Not sure why this “something” you talk about would ultimately be inexplicable or unfathomable, in said scenario. Clarke’s 3rd Law would seem to apply here; I don’t buy the dichotomy that you are attempting to draw.

And science can indeed explain the hows very easily; the why’s remain out of our conception. For example, the fact that water, a very common compound which is vital to life as we know it, is virtually unique in its property to be less dense as a solid than as a liquid is ultimately no less mysterious and inexplicable than any “magical” property that you care to imagine. Most scientists don’t bother to ponder such why’s too much, preferring (to their credit) to focus on the how’s-but that doesn’t make the why’s any less humbling. Even if this “something” which you allude to is nothing more than random chance doesn’t make it any less so.

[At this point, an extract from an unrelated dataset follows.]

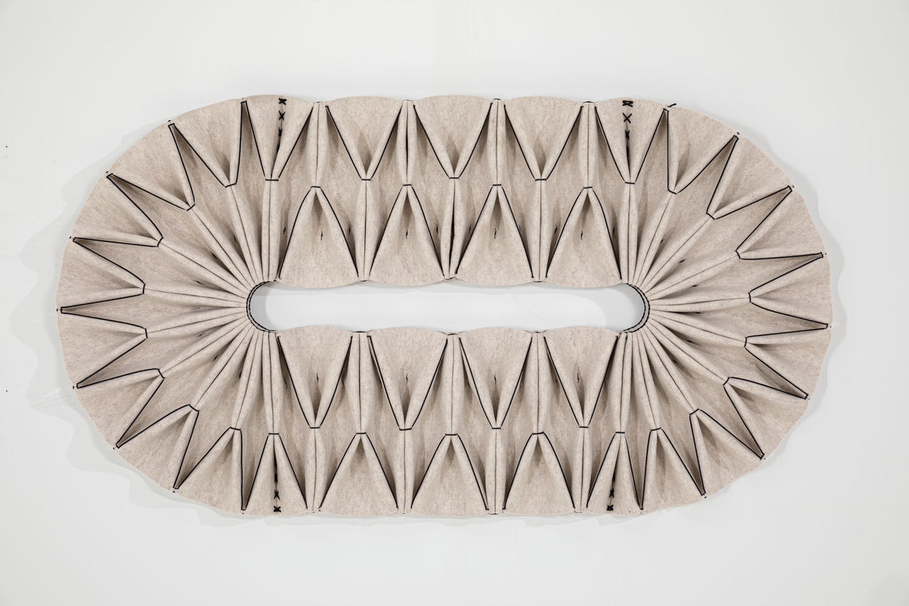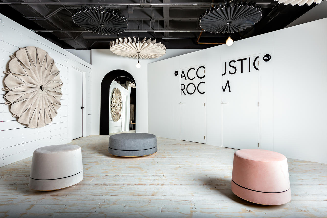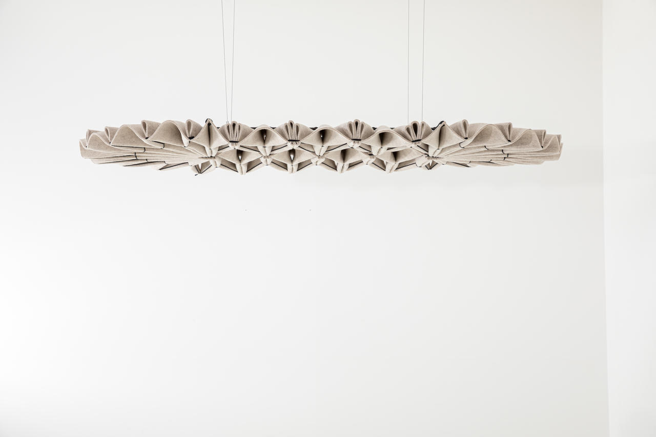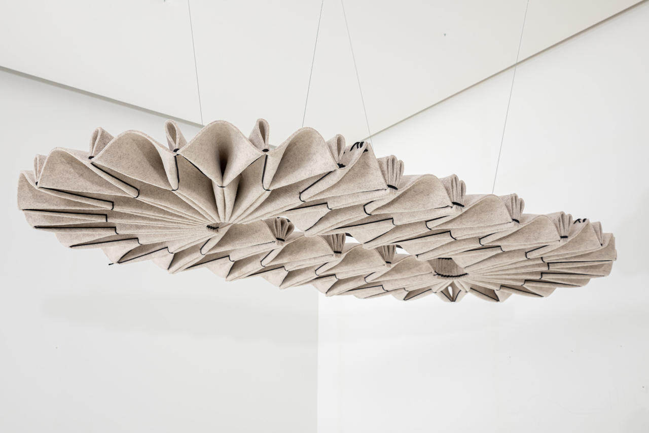 Experience the exceptional acoustic performance of BuzziPleat, delivered by its architectural folds. The large-scale, yet lightweight sculptural forms can be suspended from the ceiling or wall-mounted.

Note that a well-designed fictional magical system (such as that in say D&D or any fantasy novel that you care to name) will typically be logically consistent.

Exactly.
The answer to magical thinking isn’t: “That isn’t logical”, the answer is: “That doesn’t work that way”.

Is meditation logical or magical? logical and magical?

Doesn’t Godel’s incompleteness theorem, chaos theory, and the uncertainty principle put hard limits to knowledge? Or how about black holes. Or what happened before the big bang. Anything about other universes, if they even exist. Basically anything outside of our light cone. Aren’t there physical processes where the prior state can not be reversed or known, even theoretically?

I would think it depends entirely on what you hope to achieve through meditation, and what you think it can accomplish.

I meditate, not nearly as often as I would like, but I certainly don’t think I’m engaging in any magical thinking about it.

No, that’s just good logic. :wink:

But here’s the thing. Imagine you gush excitedly about how useful logical thinking is, and I sneer and say, really, now; what can I do with good logic? I suspect you could provide me with answers, with examples, because I know you could walk me through how to do it and get results; I won’t even bother asking you for them, they’re already obvious to me.

So if you say there’s “bad magic” – and add that there’s also ‘good magic’ – figure I reply, hey, man, I’m from the Show-Me State; what can I do with good magic? How do you respond? What magic do you point at, or show me how to perform?

I’m not approaching it from a binary standpoint. Both logic and magic are present and necessary in life. So arguing one or the other is pointless to me. I was pointing out that emotionally, and spiritually logic is not sufficient. And that the religion of science will be what destroys humanity if it happens.

Well, you’re stating it, anyhow. I use logic routinely; I’m not aware of ever having used magic, which strikes me as neither present nor necessary.

I imagine what my life would be like if I tried to live it without logic; it’d be vastly different, and probably end pretty fast. I imagine what my life would be like without, say, anger, or without a library card, or without the occasional cold beer; it’d be different, but I think I’d still do okay.

I try to imagine my life without magic, and – uh, near as I can tell, I’m here.

Even after reading the Wikipedia article, I don’t have a clear understanding of what magical thinking is, but logic vs. magic doesn’t seem like much of a contest. Does anyone else think this discussion would be more fruitful if posed as logic vs. intuition?

What was I stating?

That “logic and magic are present and necessary in life.”